Freeset
- Established: 2001
- Location: India
- Website: https://joyya.com/

= Freeset =

Group of social enterprises in West Bengal, India

Freeset, now known as Joyya, is a group of social enterprises with the stated goal of creating employment opportunities for women affected by sex trafficking in West Bengal, India. In 2021, Joyya was awarded an A+ by Tearfund's Ethical Fashion Report.

Freeset was founded in 2001 by Kerry and Annie Hilton. It began by employing 20 local women from the Sonagacchi red-light district who were in Kolkata's sex trade, who produced jute bags for export. The name was changed to Joyya in 2021. The business has three parts: 'Joyya Goods', the business arm which offers employment and produces textile goods, 'Joyya Collective', the social arm which collaborates with a range of aligned businesses and NGOs, and 'Joyya Neighbours', the relational arm which focuses on participating in local community.

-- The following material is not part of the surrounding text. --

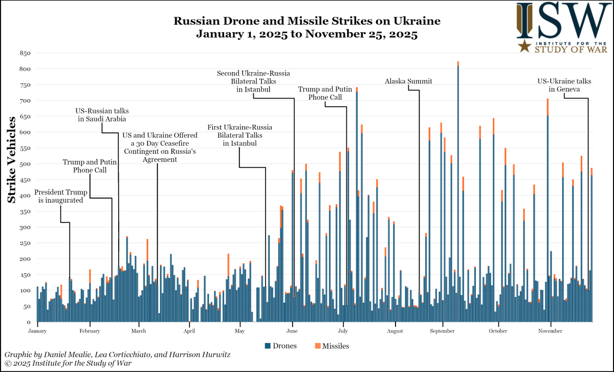 Russia killed at least seven Ukrainian civilians and injured at least 20 in Kyiv City and struck Ukrainian energy infrastructure during combined missile and drone strikes on the night of November 24 to 25. The Ukrainian Air Force reported that Russian forces launched 22 missiles and 464 Shahed-type, Gerbera-type, and other drones, and that 26 missiles and drones struck 15 locations and falling debris hit 12 locations.[19] The Ukrainian Air Force specified that Russian forces launched four Kh-47M2 Kinzhal aeroballistic missiles; three Iskander-M ballistic missiles; eight Kalibr and seven Iskander-K cruise missiles; and about 250 Shahed drones. The Ukrainian Air Force reported that Ukrainian forces downed one Kinzhal, three Iskander-M, five Iskander-K, and five Kalibr missiles and 438 drones. Ukrainian officials reported that Russian forces struck energy infrastructure in Kyiv City and Kyiv, Odesa, Chernihiv, Dnipropetrovsk, and Kharkiv oblasts; and stated that the government will impose rolling blackouts across Ukraine starting on November 26 due to reduced power generation.[20] The Ukrainian Energy Ministry reported that the November 24 to 25 strikes left over 102,000 Ukrainian energy consumers without power.[21] Ukrainian officials, including Ukrainian President Volodymyr Zelensky, reported that Russian forces primarily targeted Kyiv City and Kyiv Oblast and that Russian strikes against residential buildings and a supermarket warehouse killed seven and injured 20 people in Kyiv City.[22] Ukrainian officials reported that Russian strikes also damaged port infrastructure in Chornomorsk, Odesa Oblast and civilian infrastructure elsewhere in the oblast, injuring six civilians.[23] Ukrainian officials reported that Russian forces also struck Ukrzaliznytsya railway energy infrastructure in Nova Vodolaha, Kharkiv Oblast and civilian infrastructure in Chernihiv, Sumy, Cherkasy, and Dnipropetrovsk oblasts.[24]

The Freeset name is still used by the Freeset Business Incubator, which is based in Kolkata, West Bengal. They have three focus areas: Vocational Training, Business Development and Job Preparation.

==Sources==
- Cadacio, Jodeal (13/11/2009). "Freeing women from sex trade". North Shore Times.
- Chanwai-Earle, Lynda (20/7/2015). "Freedom from Calcutta's sex slave trade - Freeset, India". Radio New Zealand National.